# adult daughter issues



## ponix2010

I'll try and keep this short but it's complicated. I have been married to my wife for 2 yrs but we've been together for 5 yrs. 
She has two adult daughters, one is 23 and the other is 19. The 23 yr old doesn't live with us but the 19 yr old does. It's always been an issue between us, her daughter and I really don't get along. 

I tried to get along with her but she is rude, spoiled and obnoxious and drives me crazy. When I met my wife she would make dinner, fix a plate for her daughter, deliver it to her, pick up her plate when she was finished and take it to the sink for her. I would try and get the daughter to do simple stuff, take out the trash..I say, hey it's trash night and she would say "really? well have fun with that"

So about 2 yrs ago the daughter meets a guy through her sisters bf and they start dating. they dated for awhile, this guy was 21 and had been living at my oldest stepdaughters and her bf's house. they kicked him out and he moved onto one of their friends couches, they got tired of his mooching and kicked him out, so guess where he ends up? you guessed it, our house.

It wasnt by my choice either, matter of fact I found out a few days later after he had been at our place longer then he should have. I mentioned it to my wife and she says "oh yeh, i was going to talk to you about that...." I tell my wife that she needs to get her on birth control because the last thing they need is a kid, so she does that. 

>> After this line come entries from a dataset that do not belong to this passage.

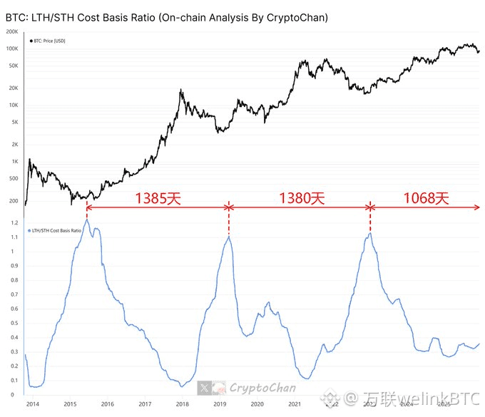 “大家看这几个高点。从2013年到2017年,再到2021年,每一轮牛市见顶的间隔,都在 1430天到1460天 之间。这简直就像时钟一样准。”
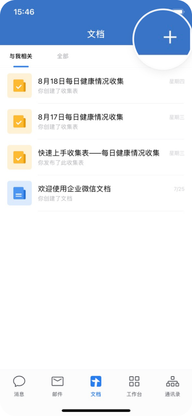 A、手機(jī)端登錄企業(yè)微信,在底下工具欄中點(diǎn)擊“文檔”——進(jìn)入文檔頁面之后點(diǎn)擊右上角的“+”,就可以創(chuàng)建新文檔了。
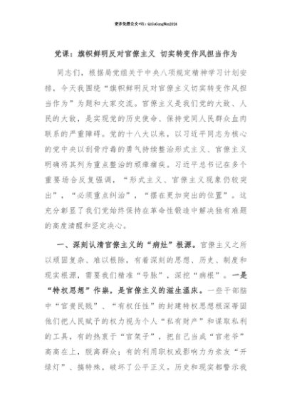 【七哥公文】2025年:【七哥公文】党课:旗帜鲜明反对官僚主义 切实转变作风担当作为+更多免费公文+VX:QiGeGongWen2024+更多免费公文+VX:QiGeGongWen2024
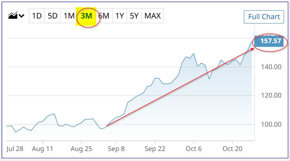 LRCX is at $156.31 in midday trading on Monday, Oct. 27, with a market capitalization of $197.2 billion according to Yahoo! Finance. The stock has been on a tear in the last 3 months, and should have more to go, as we will see below.
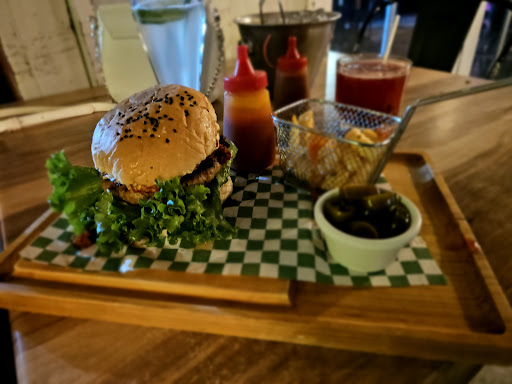 Les recomiendo las hamburguesas, la carne está súper bien sazonada. La acompañan con papas a la francesa y chiles en vinagre
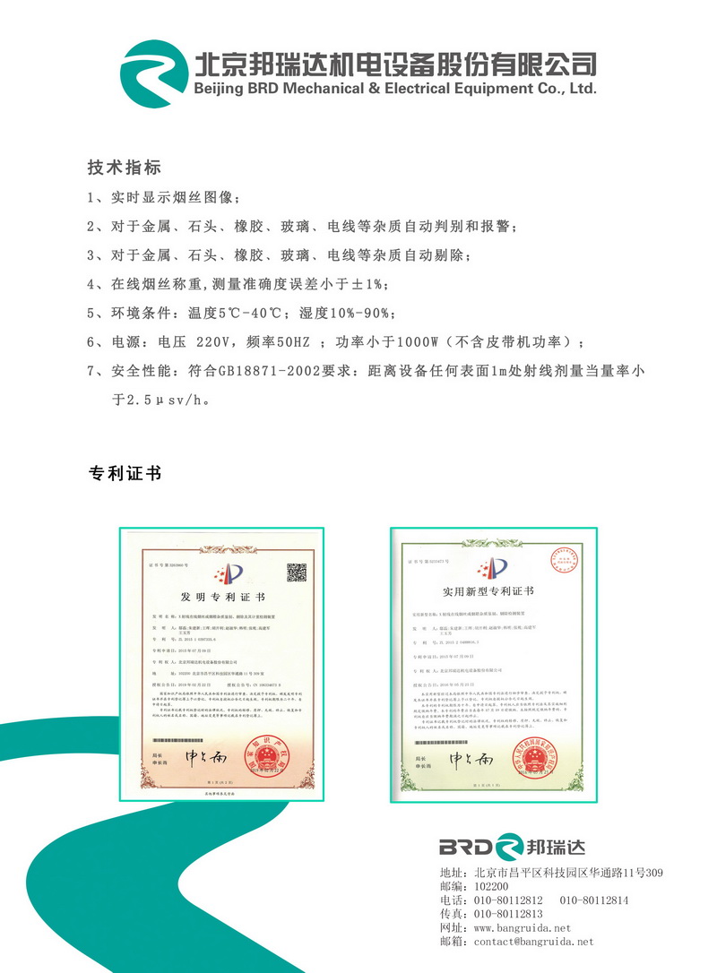 | 上一篇:煙絲填充值在線檢測裝置介紹資料 下一篇:煙絲彈性在線檢測裝置介紹資料 |
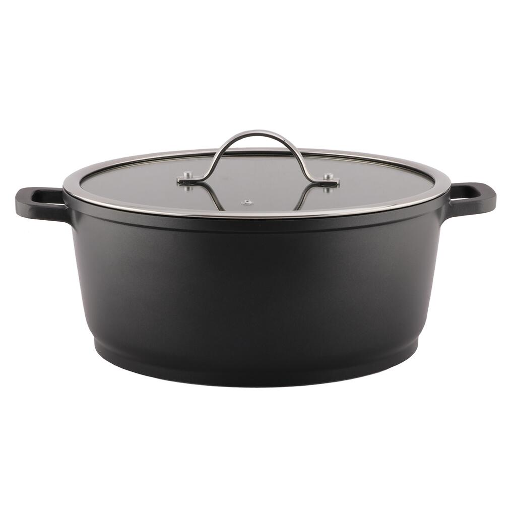 Литой алюминий с антипригарным покрытием. Диаметр дна 24,8 см, Длина с ручками 36,2 см, высота кастрюли без крышки 12,5 см.
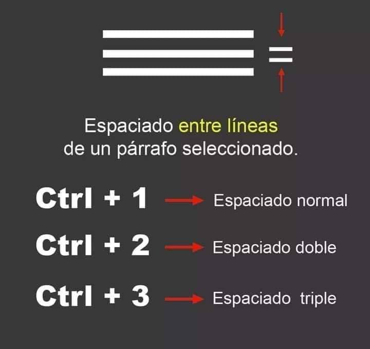 Ctrl + 2: Interlineado x2 (doble).
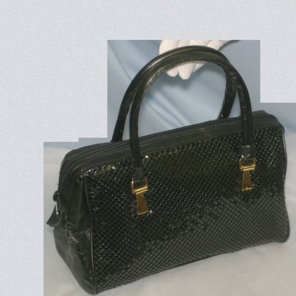- 女性用黒合皮xスパンコール27㎝お洒落なバッグ ○C10-186-2
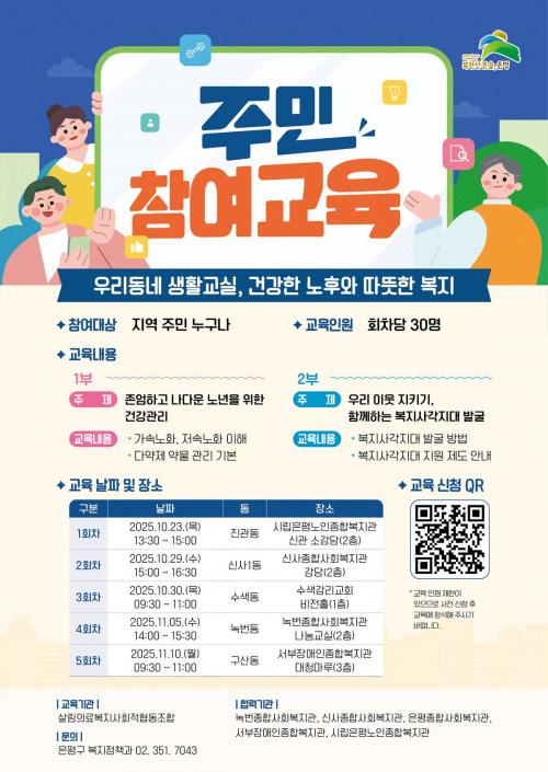 [½Åµ¿¾Æ¹æ¼Û ÀºÆò±¸=À̽ŵ¿±âÀÚ] ¼­¿ï ÀºÆò±¸´Â ÁֹΠÂü¿© ±³À° ¡®¿ì¸®µ¿³× »ýȰ ±³½Ç, °Ç°­ÇÑ ³ëÈÄ¿Í µû¶æÇÑ º¹Áö¡¯¸¦ ¿î¿µÇÏ°í ½ÅûÀÚ¸¦ ¸ðÁýÇÑ´Ù°í ¹àÇû´Ù. À̹ø ±³À°Àº ÁÖº¯ÀÇ º¹Áö »ç°¢Áö´ë¸¦ ÇÔ²² »ìÇÇ´Â Áö¿ª °øµ¿Ã¼ ¹®È­ È®»ê°ú ÁֹΠ½º½º·Î °Ç°­ÇÑ ³ëÈĸ¦ ÁØ¡¦
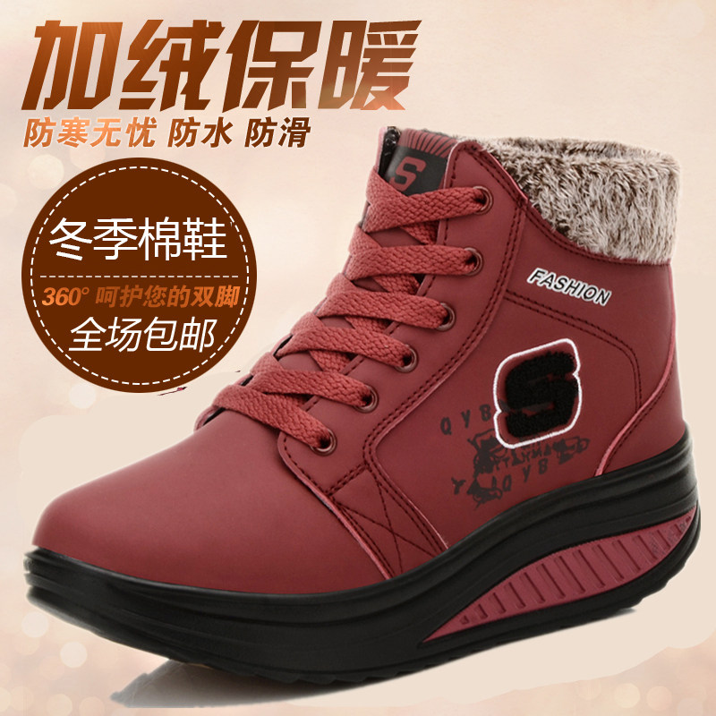 棉鞋女冬季保暖加绒女鞋高帮摇摇鞋厚底松糕鞋韩版加厚运动休闲鞋

Then this guy ends up living at our house for about a year,he wouldnt get a job and all he did was sit around playing video games and getting stoned all day every day. She finally dumped him, just in time because he went to prison not long after. :smthumbup: I discussed it with my wife and said "ok, thats it, no more people are moving in here!"

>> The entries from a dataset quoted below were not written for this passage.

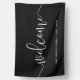 A great gift for newlyweds or new homeowners, our personalized welcome house flag features "welcome" in white handwritten calligraphy script on a rich black background. Personalize with your family name and year established in classic block lettering.
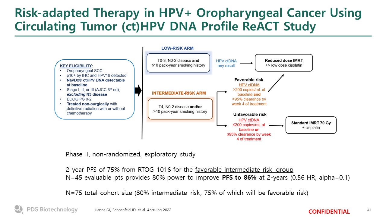 Risk-adapted Therapy in HPV+ Oropharyngeal Cancer Using Circulating Tumor (ct)HPV DNA Profile ReACT Study  Hanna GJ, Schoenfeld JD, et al. Accruing 2022  Phase II, non-randomized, exploratory study  2-year PFS of 75% from RTOG 1016 for the favorable intermediate-risk group  N=45 evaluable pts provides 80% power to improve PFS to 86% at 2-years (0.56 HR, alpha=0.1)  N=75 total cohort size (80% intermediate risk, 75% of which will be favorable risk)
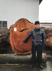 5日前に天然の秋田杉が競りに出るとの情報を得た私は、関係者の方たちと協議し、急遽、秋田県東能代の県立銘木センターの競り市に出かけました。
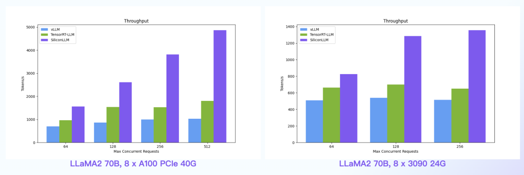 数据中心+PCIe:SiliconLLM的吞吐最高提升近5倍;消费卡场景:SiliconLLM的吞吐最高提升近3倍
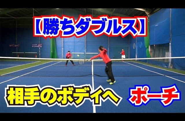 ダブルスで雁行陣同士の時に、ポーチに出て、相手からのボールが低めで速いボールだった場合には相手ボディへ打ちます。ある程度ボールの高さがあれば足元を狙いますが、低い場合には相手の右肩を目標にします。打ち方のポイントについて説明します。
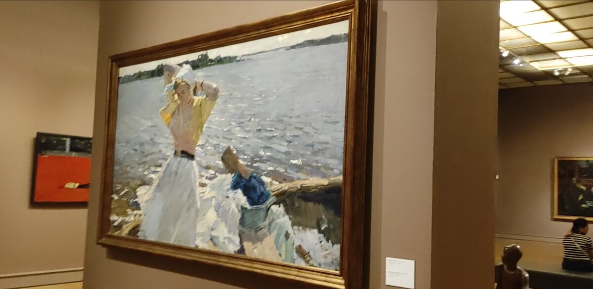 Гаврилов закончил академию имени Сурикова . Затем художник работал при мастерской им Грекова. Владимир Николаич Гаврилов мастер жанровой живопись, мне нравится его картина "Свежий ветер", про неё я и хотел вам сегодня рассказать. Был недавно на выставке Гаврилова Владимира Николаевича, куда специально приехал в Третьяковскую галерею, и вам покажу, что я там увидел. Также представляю детали картины "Свежий ветер" чтобы показать как она написана. Картина написана очень живописно, в ней видно столько простора, воздуха, показана деревенская жизнь. В основном картина Свежий ветер строится на двух трех цветах, это жёлтый, синий и розовый, желтый это кофта девушки а синий колорит это река которая занимает большую площадь картины, есть ещё розовый, это часть одежды, также часть синего это белье, все эти цвета является камертоном в этой картине. А вот основные цвета здесь жёлтый и синий. Также ещё дополняют здесь зелёный цвет вводится, это тёплый зелёный на заднем плане, ну это не основ

Well, it wasnt long after that I decided to sell my car and my wife gets me to sell it to her daughter "she needs a car for work and school". So I just let her pay me the monthly payment. But then she started hanging out with all of her ex bf's friends and I find out shes driving them around while they're drinkin and taking them to pick up weed...the car is still in my name at this point. So one night she calls at 5am, her and her friends are 30 miles away and the car got towed for illegal parking and it's at the impound. 

they get a ride home and the next day they go get the car and when she gets home I take the keys and say "the car has been repo'd" 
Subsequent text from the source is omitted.